WHAT YOU WILL DO =
Repeat the span of the entries below that starts at the line with "歓声の中、舞乃空はブラックと" and ends at the line with "interior, art, graphic", nothing more. Skip the pictures.

MATERIAL SHOWN =

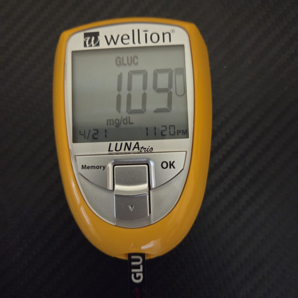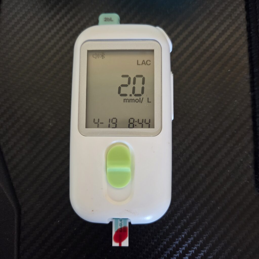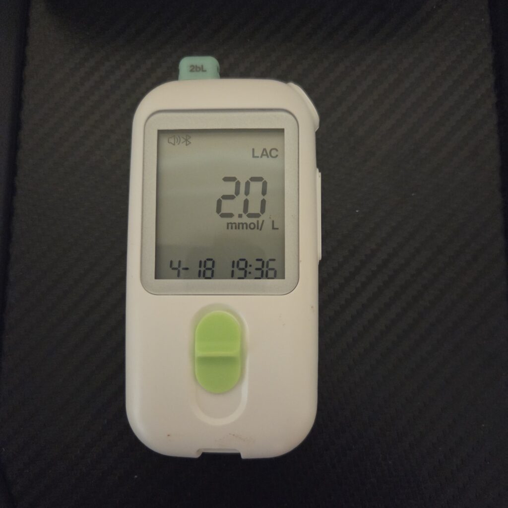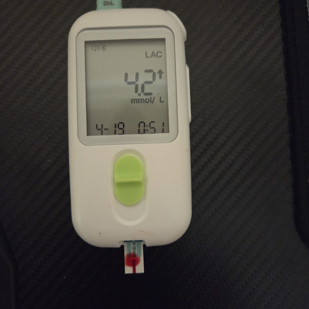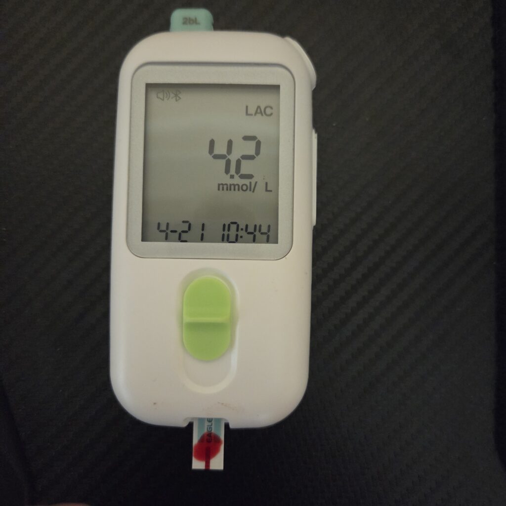 Después de todo esto acabo de medir el lactato porque creía que lo tenía por debajo de dos y sorpresa. Sin hacer ejercicio y descansando y con tres cigarros de una medición a otra, me sale 4.2 mmol/L, pero estaba peor con 2.0 mmol/L que con 4.2 mmol/L y puede ser debido a este lactato toda la noche, pero no tengo mediciones de ayer.
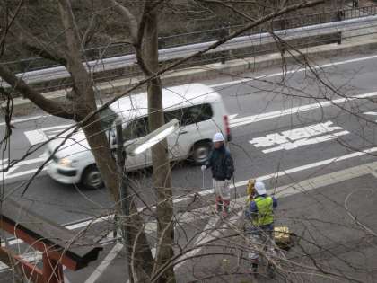 鞍馬街道の測量をされています。精密な機械で見てられます。
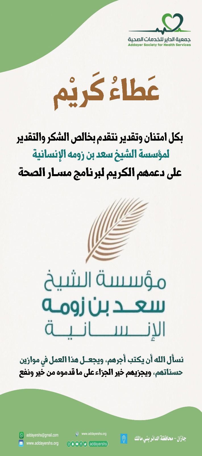 بحمد الله تم توقيع عقد شراكة بين جمعية الداير للخدمات الصحية و مؤسسة الشيخ سعد بن زومة الإنسانية لدعم برنامج مسار... الجمعية تعقد شراكة مع مؤسسة سعد بن زومة الإنسانية لدعم مسار الصحة بالجمعية -
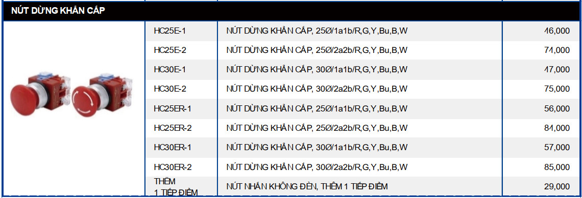 Nút dừng khẩn cấp có loại tự Reset khi nhả tay (HC25E) và có loại phải xoay để Reset (HC25ER)
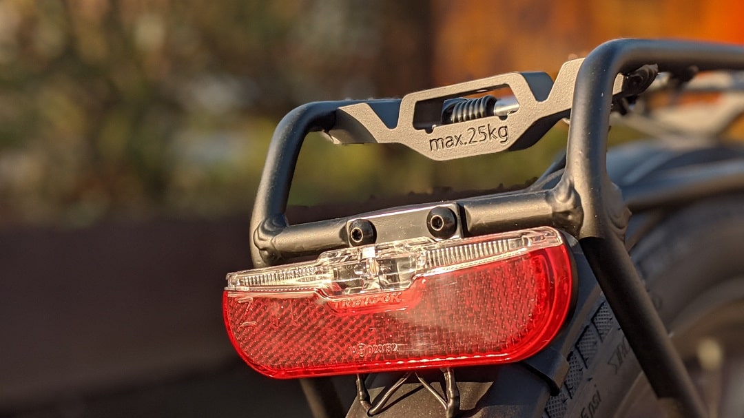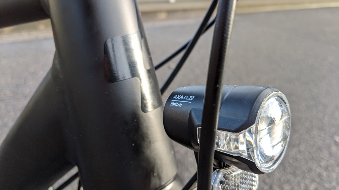 Cube stattet das Travel PRO mit einem 20 Lux starken Scheinwerfer von AXA aus, der per Nabendynamo angetrieben wird. Da ich das Rad tagsüber Probe fahre, kann ich die Beleuchtung nur in einer etwas dunklen Unterführung testen. Aber hier funktioniert alles perfekt. Das Rücklicht befindet sich am Gepäckträger und sorgt für eine gute Sichtbarkeit im Straßenverkehr. Um neben der Sichtbarkeit auch akustisch auf sich aufmerksam zu machen, liefert Cube das Travel PRO 2020, wie auch die Hyde Modelle, mit einer minimalistischen Knog Oi Klingel aus.
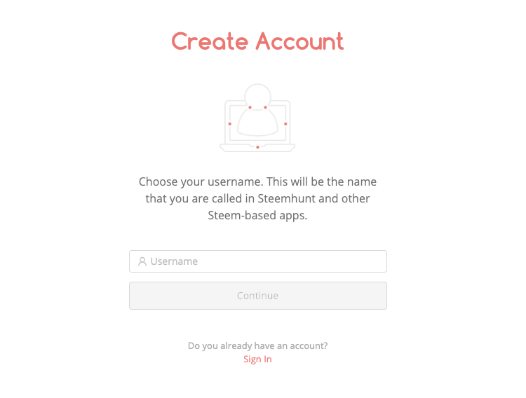 - 신규 유저가 스팀헌트의 계정생성 인터페이스를 통해 (https://steemhunt.com/sign-up) 계정을 만듭니다.
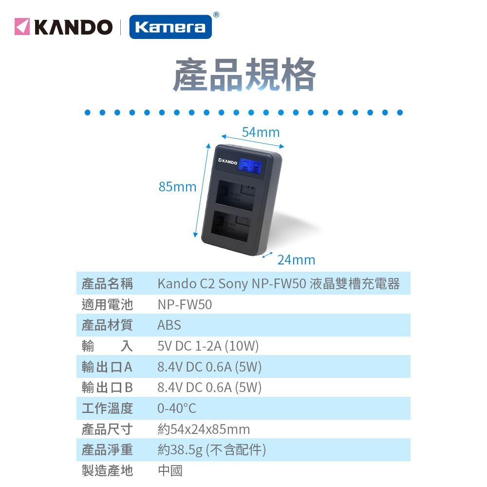 Kando 適用SONY NP-FW50 電池 液晶充電器 雙槽 USB充電
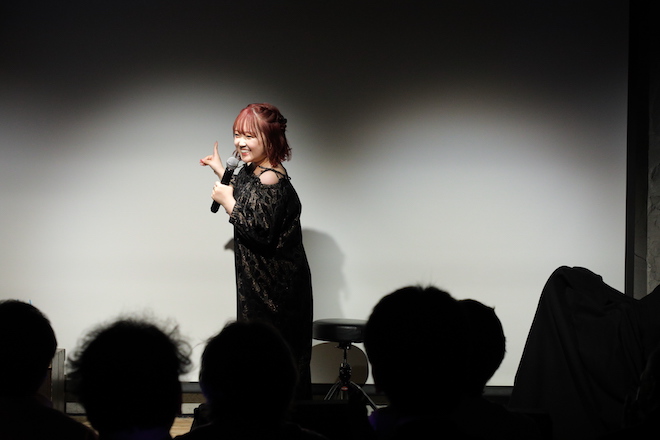 歓声の中、舞乃空はブラックとゴールドの大人な雰囲気の衣装で登場。自身のYouTubeチャンネル“歌ってみた”シリーズが人気の彼女だが、この日もオリジナル曲に加え、1980年代〜1990年代前半の大ヒット曲のカヴァーを数多く披露し、大阪弁が混じる気さくなトークと共に観客を楽しませた。
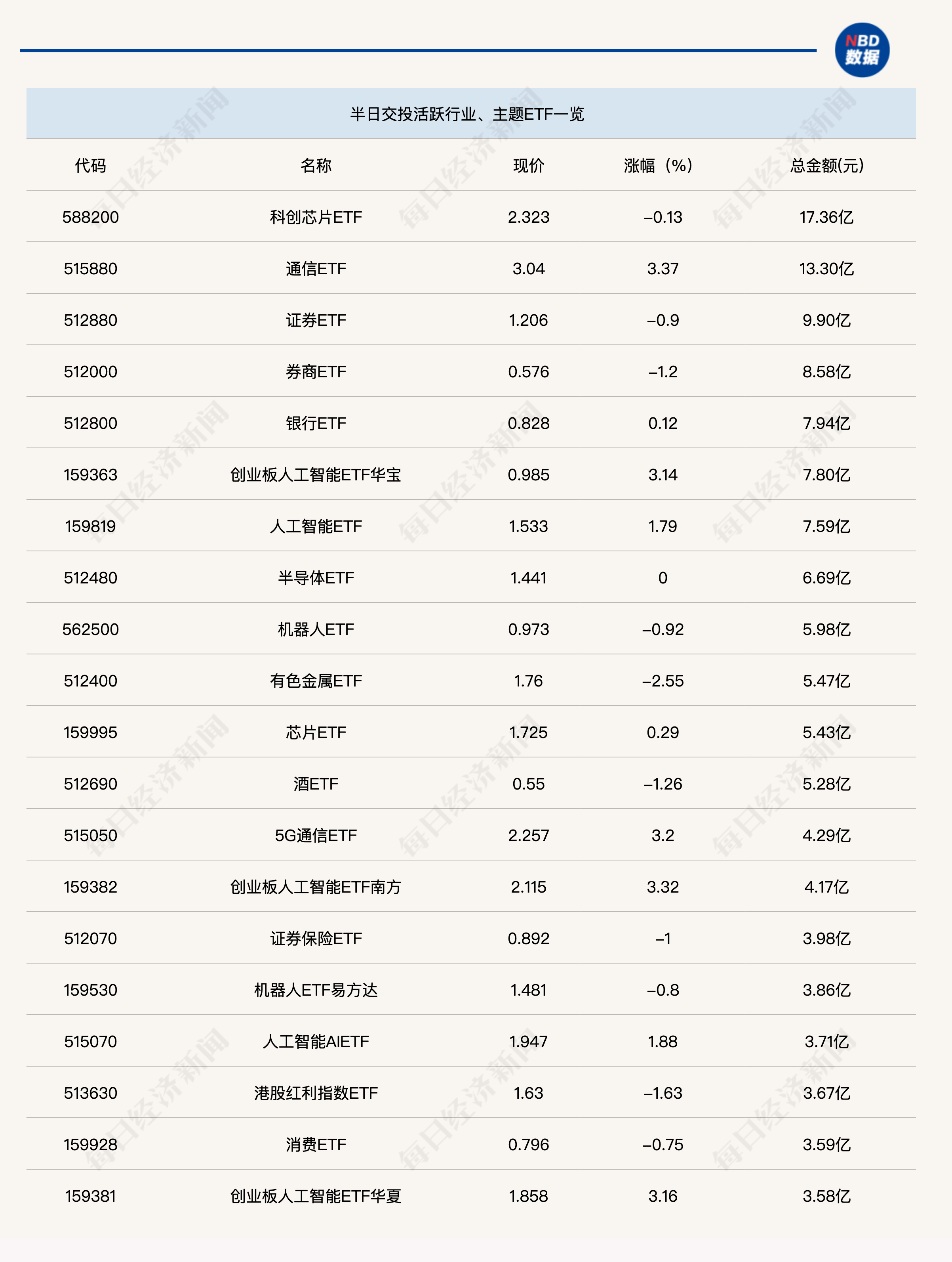 今日上午,通信和金融相关ETF交投相对活跃。其中,通信ETF(515880)半日成交金额达到13.3亿元,证券ETF(512880)、券商ETF(512000)以及银行ETF(512800)半日成交金额近10亿元。跨境ETF方面,香港证券ETF半日成交金额为37.58亿元,成交金额环比大幅萎缩。
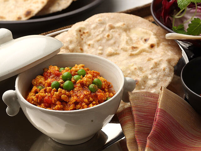 - 【5】カレーは汁けが少なくなる程度まで煮込めば完成です(約15分)。最後にグリンピースを散らして器に盛り、チャパティーをちぎってつけながら食べます。
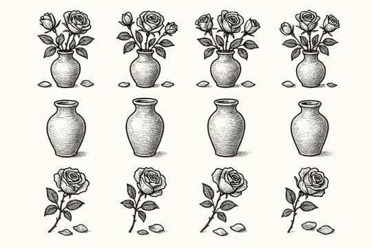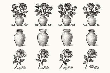 vase, pottery, ceramic, silhouette, black, white, background, isolated, collection, set, design, abstract, modern, shape, jug, amphora, bottle, organic, minimalist, decor, home, interior, art, graphic
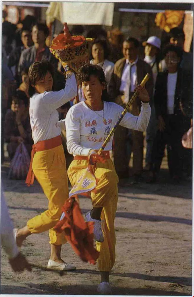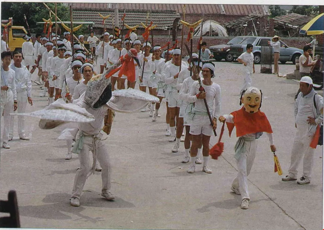 由「宋江陣」衍化而出的「白鶴陣」,二者同具強健身體、凝聚鄉民的功能。(鄭元慶)
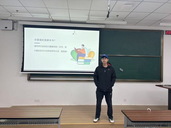 随后,在阅读分享环节,同学们踊跃走上讲台,分享自己近期阅读的好书。我们请了班级梁宇豪同学分享了《百年孤独》,他讲述道孤独并非是一种消极的状态,而是每个人与生俱来的宿命。或许正是这种孤独,促使我们不断探索自我,追寻生命的价值。就像书中所说:“生命中曾经有过的所有灿烂,原来终究,都需要用寂寞来偿还。”
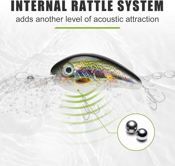 - Premium Materials: The body of bass lure is made of high strength ABS, maintaining the durability of fishing lures and making crankbait pass through many obstacles with higher efficiency. Premium coating process and concave scale design make the lure look more realistic.
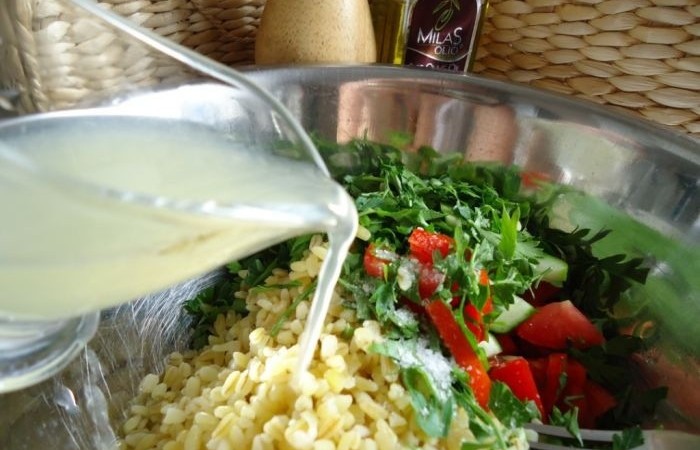 5В миске смешиваем рубленую петрушку, нарезанный колечками лук и мелко нарезанные помидоры с огурцом. Добавляем остывший булгур и поливаем заправкой. Солим, перчим.
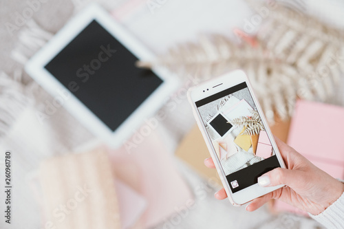 Social media user. Hobby and lifestyle. Like to profile. Woman taking smartphone photo. Freelance. Comfy home workplace.
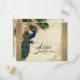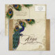 Cartão Postal De Convite Pavão e Penas Dourado Antigo Estampa Damask Ondula
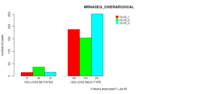 12q loss cnv correlated to 'CN_CNMF', 'METHLYATION_CNMF', 'MRNASEQ_CHIERARCHICAL', and 'MIRSEQ_CNMF'.
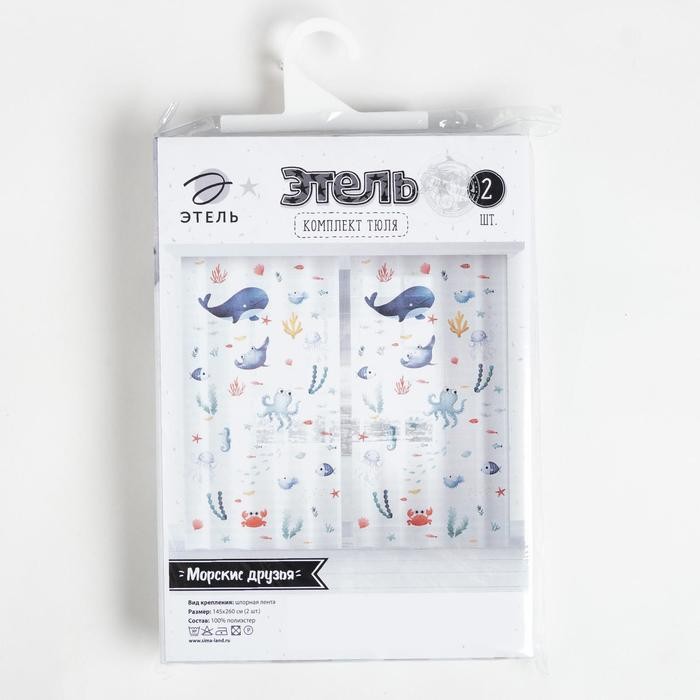 Комплект тюлей «Этель» Морские друзья, 145*260 см-2 шт, вуаль

ANSWER =
 歓声の中、舞乃空はブラックとゴールドの大人な雰囲気の衣装で登場。自身のYouTubeチャンネル“歌ってみた”シリーズが人気の彼女だが、この日もオリジナル曲に加え、1980年代〜1990年代前半の大ヒット曲のカヴァーを数多く披露し、大阪弁が混じる気さくなトークと共に観客を楽しませた。
 今日上午,通信和金融相关ETF交投相对活跃。其中,通信ETF(515880)半日成交金额达到13.3亿元,证券ETF(512880)、券商ETF(512000)以及银行ETF(512800)半日成交金额近10亿元。跨境ETF方面,香港证券ETF半日成交金额为37.58亿元,成交金额环比大幅萎缩。
 - 【5】カレーは汁けが少なくなる程度まで煮込めば完成です(約15分)。最後にグリンピースを散らして器に盛り、チャパティーをちぎってつけながら食べます。
 vase, pottery, ceramic, silhouette, black, white, background, isolated, collection, set, design, abstract, modern, shape, jug, amphora, bottle, organic, minimalist, decor, home, interior, art, graphic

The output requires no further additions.